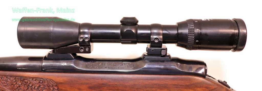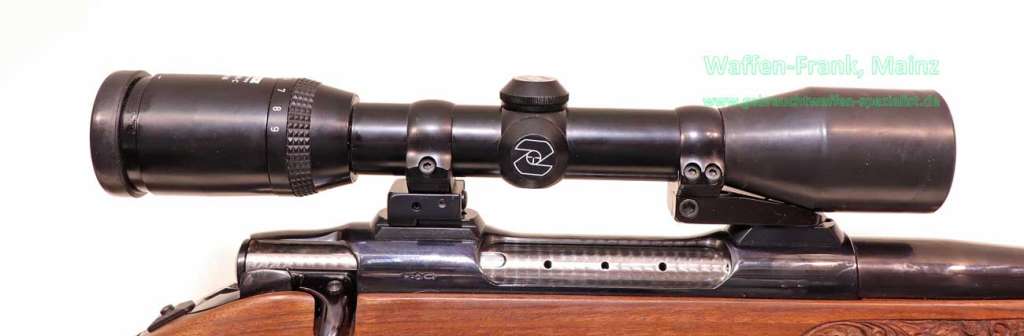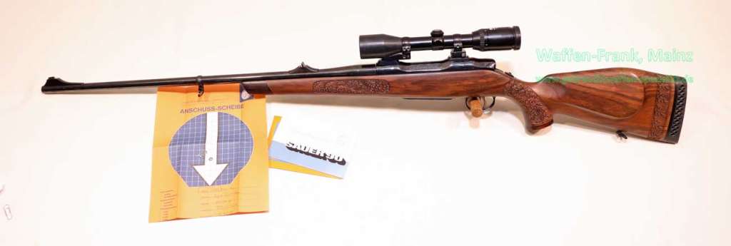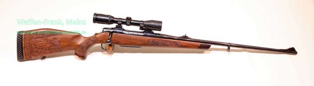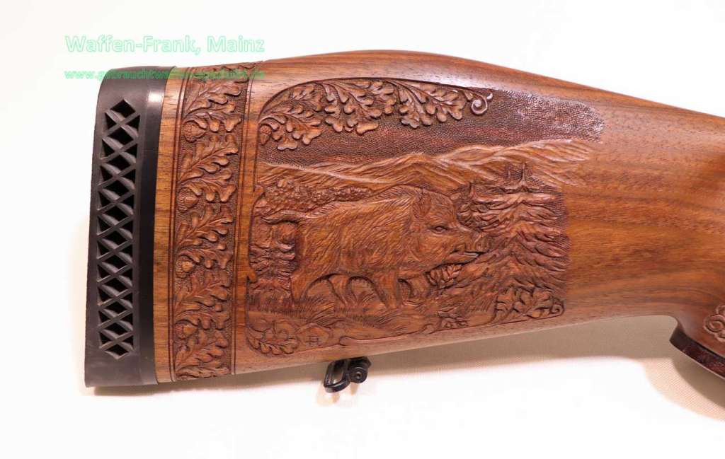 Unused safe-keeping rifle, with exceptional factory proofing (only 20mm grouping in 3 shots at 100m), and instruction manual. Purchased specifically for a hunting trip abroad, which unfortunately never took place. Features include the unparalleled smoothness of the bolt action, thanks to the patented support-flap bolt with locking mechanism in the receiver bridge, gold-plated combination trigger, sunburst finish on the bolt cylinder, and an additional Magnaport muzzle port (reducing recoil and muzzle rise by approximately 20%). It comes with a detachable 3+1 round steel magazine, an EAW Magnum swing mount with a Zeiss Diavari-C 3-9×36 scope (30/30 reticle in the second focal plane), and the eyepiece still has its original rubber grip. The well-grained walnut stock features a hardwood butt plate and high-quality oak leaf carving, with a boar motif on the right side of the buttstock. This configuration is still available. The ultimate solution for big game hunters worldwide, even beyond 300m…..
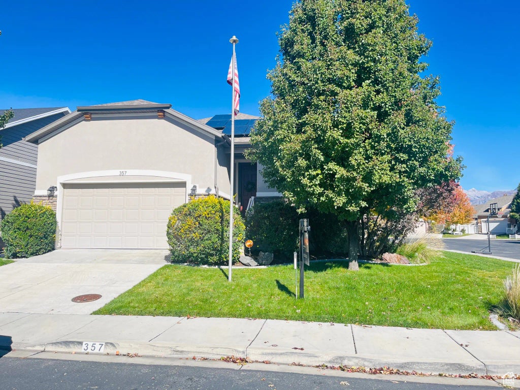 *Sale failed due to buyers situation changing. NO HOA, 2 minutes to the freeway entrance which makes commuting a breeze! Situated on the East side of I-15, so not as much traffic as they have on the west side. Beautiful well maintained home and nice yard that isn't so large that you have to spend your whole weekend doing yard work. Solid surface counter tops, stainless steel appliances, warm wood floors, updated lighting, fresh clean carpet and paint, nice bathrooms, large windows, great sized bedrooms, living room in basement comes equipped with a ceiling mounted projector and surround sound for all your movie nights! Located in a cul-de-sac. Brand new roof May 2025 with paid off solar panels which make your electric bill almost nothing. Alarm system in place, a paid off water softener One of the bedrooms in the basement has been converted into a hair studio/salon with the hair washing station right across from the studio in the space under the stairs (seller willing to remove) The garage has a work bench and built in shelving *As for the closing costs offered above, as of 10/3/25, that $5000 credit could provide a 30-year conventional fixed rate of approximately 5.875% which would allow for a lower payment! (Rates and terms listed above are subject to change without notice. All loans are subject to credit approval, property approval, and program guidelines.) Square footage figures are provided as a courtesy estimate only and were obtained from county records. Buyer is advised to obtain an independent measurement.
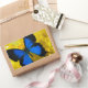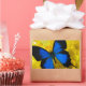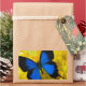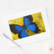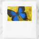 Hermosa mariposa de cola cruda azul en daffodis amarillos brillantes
==
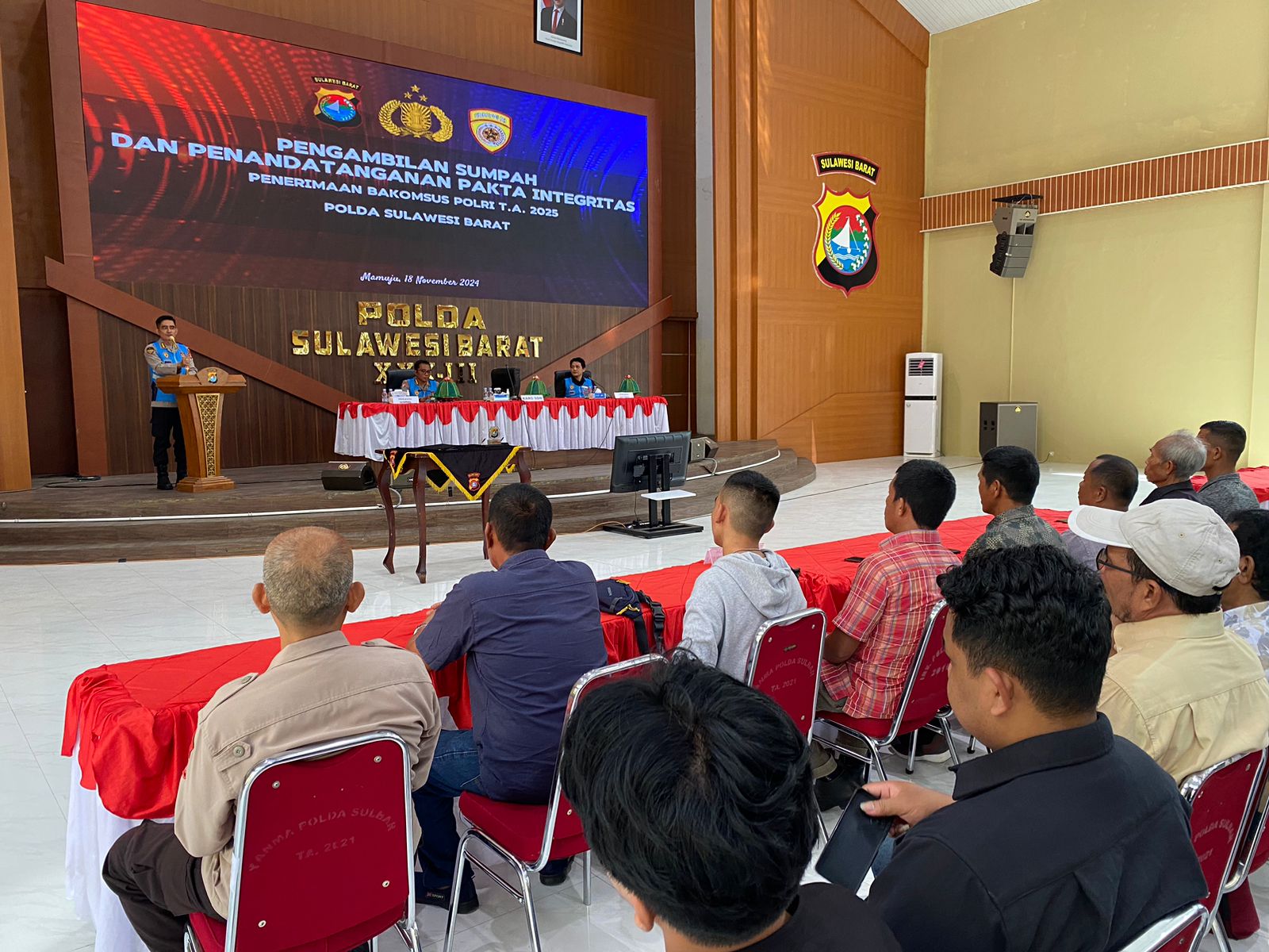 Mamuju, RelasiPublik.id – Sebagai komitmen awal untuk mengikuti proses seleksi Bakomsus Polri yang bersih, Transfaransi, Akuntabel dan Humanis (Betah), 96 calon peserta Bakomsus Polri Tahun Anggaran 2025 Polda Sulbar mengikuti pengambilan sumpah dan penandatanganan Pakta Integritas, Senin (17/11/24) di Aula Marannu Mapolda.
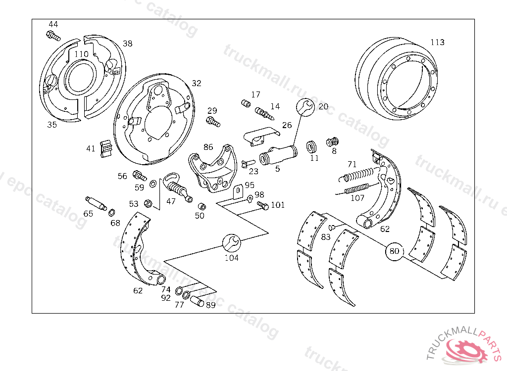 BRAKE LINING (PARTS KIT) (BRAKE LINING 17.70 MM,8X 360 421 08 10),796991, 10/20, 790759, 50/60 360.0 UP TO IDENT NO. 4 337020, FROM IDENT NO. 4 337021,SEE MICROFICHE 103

What you will do:
Please repeat the lines of the material above exactly, starting with the line that contains "Mamuju, RelasiPublik.id –" and ending with the line that contains "BRAKE LINING (PARTS". Leave the pictures out.

Task answer:
 Mamuju, RelasiPublik.id – Sebagai komitmen awal untuk mengikuti proses seleksi Bakomsus Polri yang bersih, Transfaransi, Akuntabel dan Humanis (Betah), 96 calon peserta Bakomsus Polri Tahun Anggaran 2025 Polda Sulbar mengikuti pengambilan sumpah dan penandatanganan Pakta Integritas, Senin (17/11/24) di Aula Marannu Mapolda.
 BRAKE LINING (PARTS KIT) (BRAKE LINING 17.70 MM,8X 360 421 08 10),796991, 10/20, 790759, 50/60 360.0 UP TO IDENT NO. 4 337020, FROM IDENT NO. 4 337021,SEE MICROFICHE 103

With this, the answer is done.